縋る命 1

 アクロイドへ来て七日目の天気は、どんよりと暗い曇り模様だった。黒雲が覆う空はいつ雨が降り出してもおかしくない。湿った風も気分を暗くさせる。

 嫌な天気。ハーニーは起きてまずそう思った。

 既に習慣になり始めている朝の運動。パウエルと合流したハーニーは連れ立って山を登る。最初は辛かった斜面が今は大分楽になっていた。慣れ、とは別に体力がついた実感がある。元々地力がなかったことを考えると、やっと並程度なのかもしれない。

 坂道を越えるといつものようにリオネルの家が見える。

 だが、そこに常とは違う人影が一つ。

 全身黒の正装。喪に服する時の姿でリオネルが曇天の下で待っていた。

 不吉な印象と違和感。いつもならわざわざ外で待っていたりしない。


「来たか」


 開口一番リオネルが放つ言葉は尖っている。優しい老人の面影はない。その目も覚悟を伴った鋭い色をしている。

 悪い予感がした。


「どうしたんです師匠。それにその恰好は……」


 パウエルの質問にリオネルは答えなかった。硬い表情を崩さずに己の話を優先させた。


「今日で一週間。七日になる。最初に言ったな。今日で鍛錬は終わりだ」

「確かにそう仰っていましたが、しかし急では──」

「パウエル。話がある」

「……何です」


 リオネルが言うだろうことを予想するのは容易だった。


「お前は貴族を正そうとは思わないのか」


 パウエルは眉を寄せただけで答えない。


「お前は誇りに生きると言うが、今の貴族にその価値があるか? ……誇れるものか。今の貴族の在り方は間違っている。傲慢が力につながってはならないはずだ。腐敗した世を作るなら貴族は……不要な存在だとは思わんかね」

「否定できない話ですな。しかし、正すというのはどういうことです」

「……弱さを知っている人間こそが上に立つべきだ」

「……そういうことですか」


 パウエルはそう答えただけだった。抑揚はそれほどないのにその音は寂しげに聞こえる。

 そしてリオネルも惜しむようにため息を吐いた。


「やはりお前は変わらないか……」

「頑固なのは師匠譲りでしょう」


 パウエルの皮肉はリオネルの関心を引かなかった。


「どうしてお前はあんな国に尽くすのだ……」


 つぶやきは小さく、しかし肺の奥底から出たような声は心を波立たせる。

 パウエルはそれを聞いてなお毅然とした態度を崩さなかった。


「私にも通さなくてはならないものがあります」

「貴族として民を無下にはできない、だろう?」

「……」


 あからさまなやり取りだ。リオネルの企むものの方向にパウエルは気付いているはず。そうとしか考えられない。なのに、それなのにパウエルはリオネルを止めようとしない。

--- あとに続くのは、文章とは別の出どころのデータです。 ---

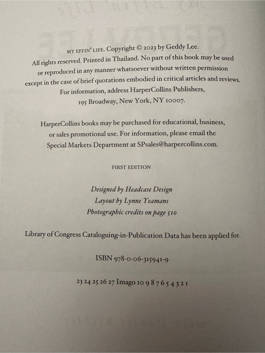 Excellent condition! Selling a hardcover First Edition copy of Geddy Lee's autobiography, "My Effin' Life"! It's a great read for any Rush fan or anyone interested in a rock and roll memoir to add to their reading collection!

「残念だよパウエル。息子同然のお前は同じ道を行くと思っていた。いや、願っていた、か」

「私の道は……もう決められています」


 リオネルが「残念だよ、本当に」ともう一度口にした時、その言葉の音の遠さにハーニーは戦慄した。明確な壁ができた瞬間に立ち会ってしまった実感。心細さが背筋を凍らせた。


「鍛錬がないのならここにいる理由はありませんな」

「ああ、そうだな……」

「そんな!」


 やっとの思いで口を挟むが、誰も取り合おうとしない。

 パウエルはリオネルに背を向けた。


「……それでは失礼させてもらう」

「パウエルさんっ?」


 リオネルはぞっとするほど平坦な声色でパウエルを見送る。


「ああ、これでお別れだ」


 パウエルは振り返らない。リオネルは遠ざかるものを眺めるだけ。

 嫌でも分かる。

 このまま放っておいてしまったら終わりだ。これは越えたら戻れない一線。二人の関係が断絶してしまう。

 せっかくの絆が……。


「パウエルさん! パウエルさんっ!」


 呼びかけどもパウエルは反応せず。


「パウエルさん! このままで、このまま終わっていいんですかッ!」


 声は虚しく暗い山に木霊しただけ。パウエルの背は坂道に消えていった。


「く……」

「行ったか……」


 リオネルを睨むように見た。リオネルの顔に悲哀の色はなく、達観した男の顔があった。決意を終えた老人は、齢より遥かに若く映った。


「だからって……」


 自分がもっと早く何か行動していれば。ウィルの時と同じような後悔が先に立つ。

 修業したって何も成長しちゃいないじゃないか。そんな自虐を覚えながら、しかしどうしたって結果は変わらなかったとも思う。リオネルの気持ちは最初から決まっていた。事情を知っているだけに止めようがない。

 それでもハーニーは聞かずにはいられなかった。


「憎まないっていうことはできなかったんですか……」

「憎しみは消せないよ、ハーニー」

「恨み方なんて最初から知らなければっ」

「そんなことは不可能に決まってるだろう。平等など存在しないんだから」

「それでもっ、こんなのは悲し過ぎませんか。二人は師弟の関係なんですよ……」

「お互いに譲れないものがあった。それだけだよ。……君はどうする」

「どうするもこうするも……ッ。勝手ですよ! 皆して!」


 明確な答えを持てないハーニーにリオネルは柔らかい表情を見せた。


「優柔だなお前は。もっと早くお前に会えていれば何か変わっていたかもしれん」

「今からだって変われるでしょう……」

「もう事は始まっているんだよ。私個人の問題を越えている。もう遅いんだ」


 そして改めてリオネルは鋭い視線を飛ばしてきた。


「それで君は貴族の味方をするのかね」


 ハーニーはリオネルを直視できなかった。


「僕は……貴族じゃないんです。貴族じゃないんですよ……っ」


 リオネルは軽く笑った。


「お前みたいな貴族だったら歓迎だったよ。今ここで無理強いする気はない。さあ、行きなさい」


 ハーニーは何も言葉を返せなかった。自分で動かしている気がしない足取りで、リオネルの家を離れていく。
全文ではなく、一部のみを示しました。